**EXERCISE DETAILS**
The listing that follows should be copied in full and exactly, with no pictures.
───── DATA PROVIDED ─────
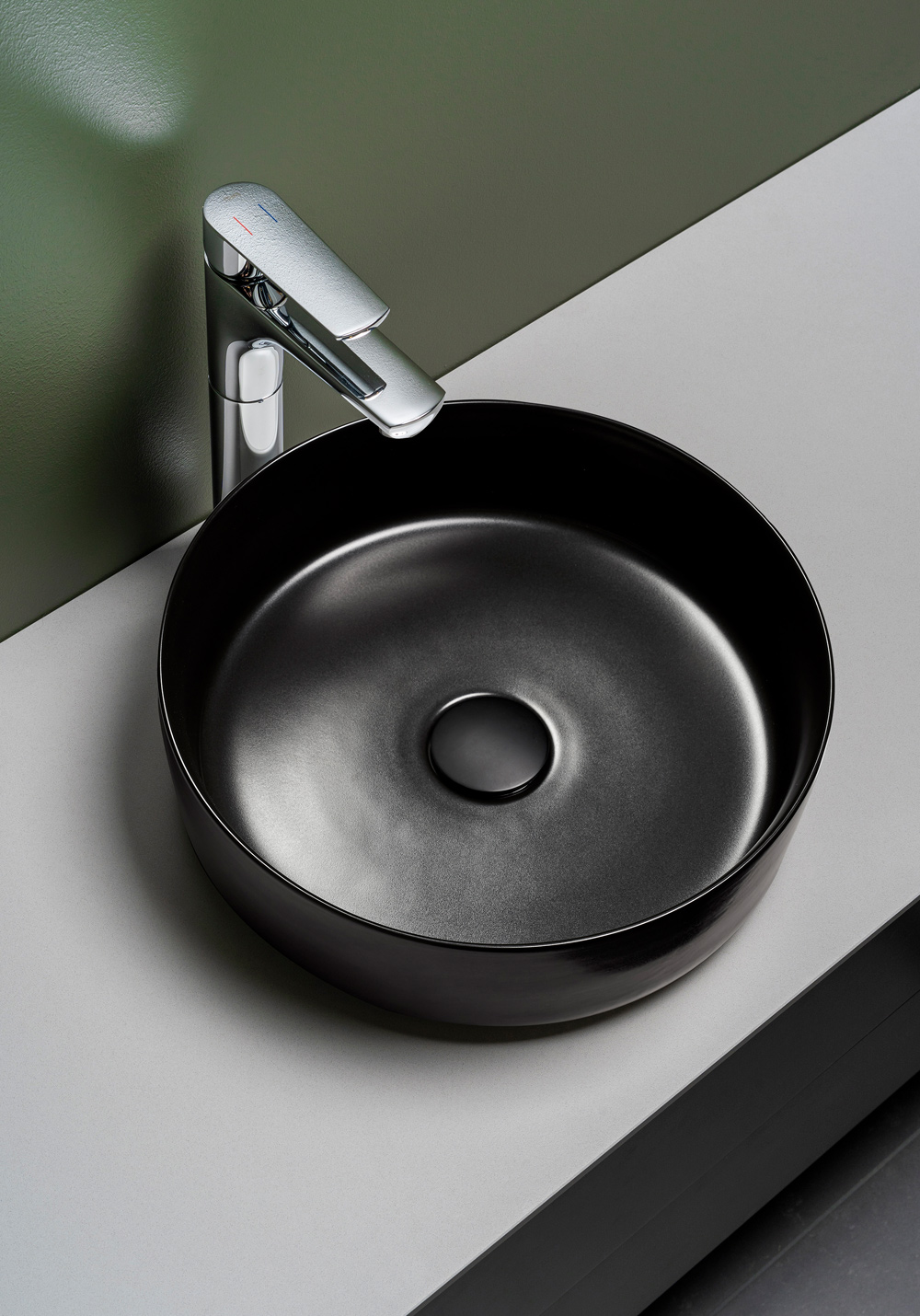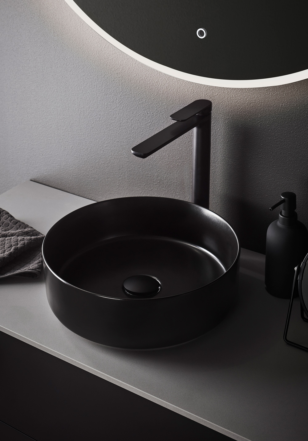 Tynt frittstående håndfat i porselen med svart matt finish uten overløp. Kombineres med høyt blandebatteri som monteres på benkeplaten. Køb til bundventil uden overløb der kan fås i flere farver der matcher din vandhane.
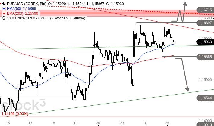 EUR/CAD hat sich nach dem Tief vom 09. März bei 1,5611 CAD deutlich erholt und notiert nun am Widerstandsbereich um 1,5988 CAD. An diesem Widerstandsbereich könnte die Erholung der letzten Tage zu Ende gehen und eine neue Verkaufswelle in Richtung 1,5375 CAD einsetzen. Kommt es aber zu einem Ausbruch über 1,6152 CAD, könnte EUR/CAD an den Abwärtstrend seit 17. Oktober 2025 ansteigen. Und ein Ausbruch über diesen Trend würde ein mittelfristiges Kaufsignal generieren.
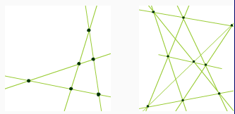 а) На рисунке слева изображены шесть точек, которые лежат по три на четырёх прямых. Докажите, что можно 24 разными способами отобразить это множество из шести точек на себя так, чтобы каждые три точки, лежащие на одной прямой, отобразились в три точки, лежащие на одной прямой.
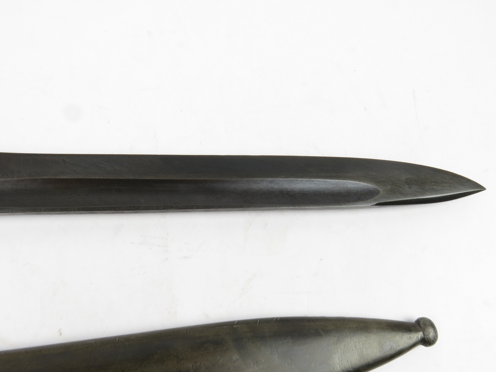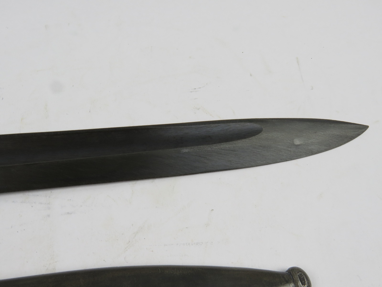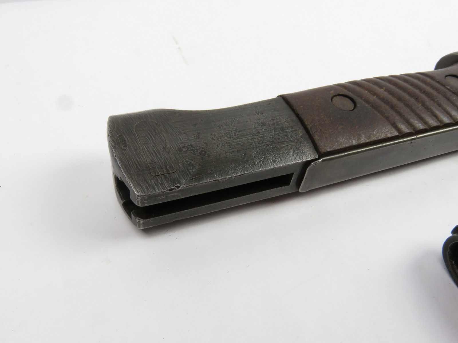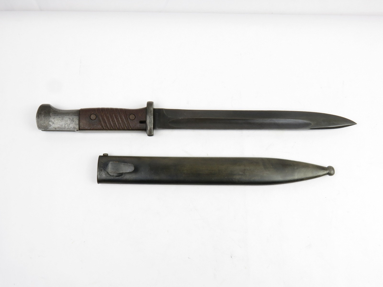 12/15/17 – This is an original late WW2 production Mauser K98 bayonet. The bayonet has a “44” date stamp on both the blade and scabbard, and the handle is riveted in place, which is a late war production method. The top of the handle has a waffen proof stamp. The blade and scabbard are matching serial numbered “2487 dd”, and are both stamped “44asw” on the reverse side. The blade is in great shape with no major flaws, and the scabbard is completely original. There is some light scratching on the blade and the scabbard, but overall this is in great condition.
─────
**SOLUTION**
 Tynt frittstående håndfat i porselen med svart matt finish uten overløp. Kombineres med høyt blandebatteri som monteres på benkeplaten. Køb til bundventil uden overløb der kan fås i flere farver der matcher din vandhane.
 EUR/CAD hat sich nach dem Tief vom 09. März bei 1,5611 CAD deutlich erholt und notiert nun am Widerstandsbereich um 1,5988 CAD. An diesem Widerstandsbereich könnte die Erholung der letzten Tage zu Ende gehen und eine neue Verkaufswelle in Richtung 1,5375 CAD einsetzen. Kommt es aber zu einem Ausbruch über 1,6152 CAD, könnte EUR/CAD an den Abwärtstrend seit 17. Oktober 2025 ansteigen. Und ein Ausbruch über diesen Trend würde ein mittelfristiges Kaufsignal generieren.
 а) На рисунке слева изображены шесть точек, которые лежат по три на четырёх прямых. Докажите, что можно 24 разными способами отобразить это множество из шести точек на себя так, чтобы каждые три точки, лежащие на одной прямой, отобразились в три точки, лежащие на одной прямой.
 12/15/17 – This is an original late WW2 production Mauser K98 bayonet. The bayonet has a “44” date stamp on both the blade and scabbard, and the handle is riveted in place, which is a late war production method. The top of the handle has a waffen proof stamp. The blade and scabbard are matching serial numbered “2487 dd”, and are both stamped “44asw” on the reverse side. The blade is in great shape with no major flaws, and the scabbard is completely original. There is some light scratching on the blade and the scabbard, but overall this is in great condition.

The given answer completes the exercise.